Selon le dernier rapport annuel d’Amazon Web Services (AWS), le rythme d’adoption de l'IA a dépassé celui des premiers téléphones portables. L'IA connaît en effet un essor fulgurant en Europe, avec cinq entreprises en moyenne adoptant l’IA chaque minute, toujours selon le rapport.
Adoptée massivement, l’intelligence artificielle va donc transformer en profondeur le marché du travail. Elle reconfigure la manière dont les entreprises recrutent, forment et mobilisent leurs talents. Cette évolution pousse à repenser l’organisation du travail et le rôle des travailleurs dans un contexte où l’IA devient un outil incontournable. À l’occasion du Sommet de l’Action pour l’IA, de hauts dirigeants d’entreprises et d’institutions ont débattu lors d’un panel dédié à ce sujet.
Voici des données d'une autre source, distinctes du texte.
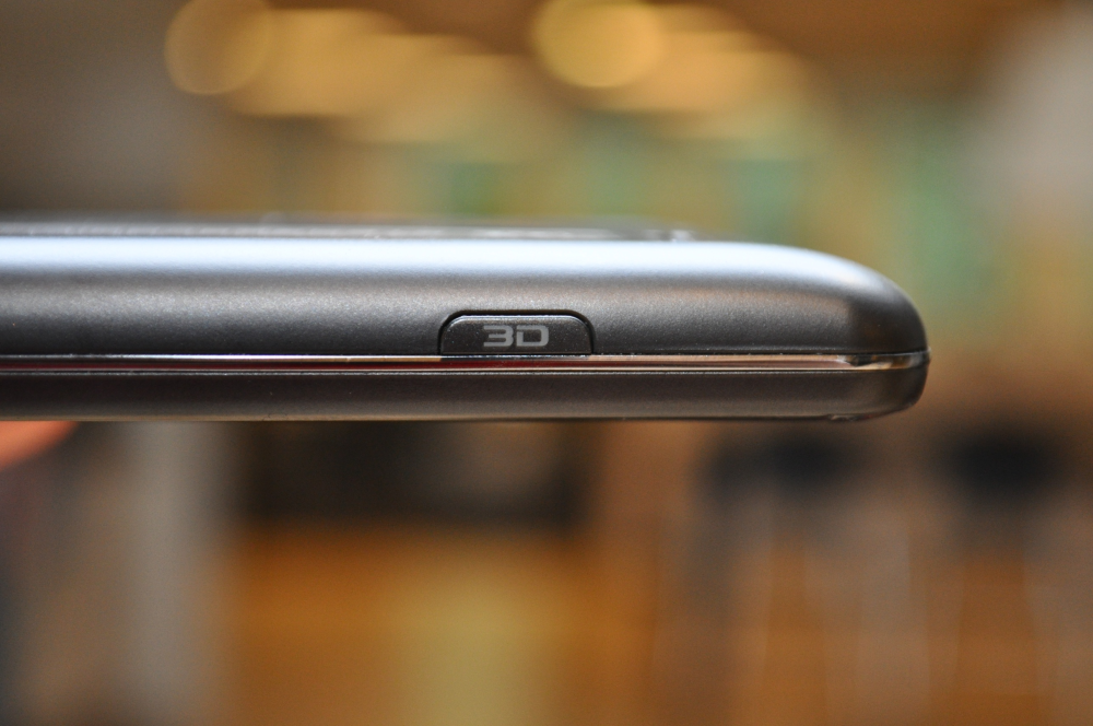 Et kig på mobilen afslører, at denne telefon som noget unikt kan vise 3D. På siden af Optimus 3D'en er der en 3D-knap, hvor du slår 3D til og fra, alt efter om du vil have 3D-effekter slået til i spil, på fotos og i videoer.

L'émergence de nouvelles fonctions
Avec l’automatisation permise par l’IA, de nombreuses tâches répétitives devraient disparaître, notamment dans le secteur des services et de l’industrie. « Le défi est de garantir que les travailleurs ne deviennent pas obsolètes à grande échelle », met en garde Denis Machuel, Directeur général du groupe Adecco, précisant qu’aujourd'hui, seuls 46 % des entreprises prévoient de redéployer leurs employés impactés par l’IA.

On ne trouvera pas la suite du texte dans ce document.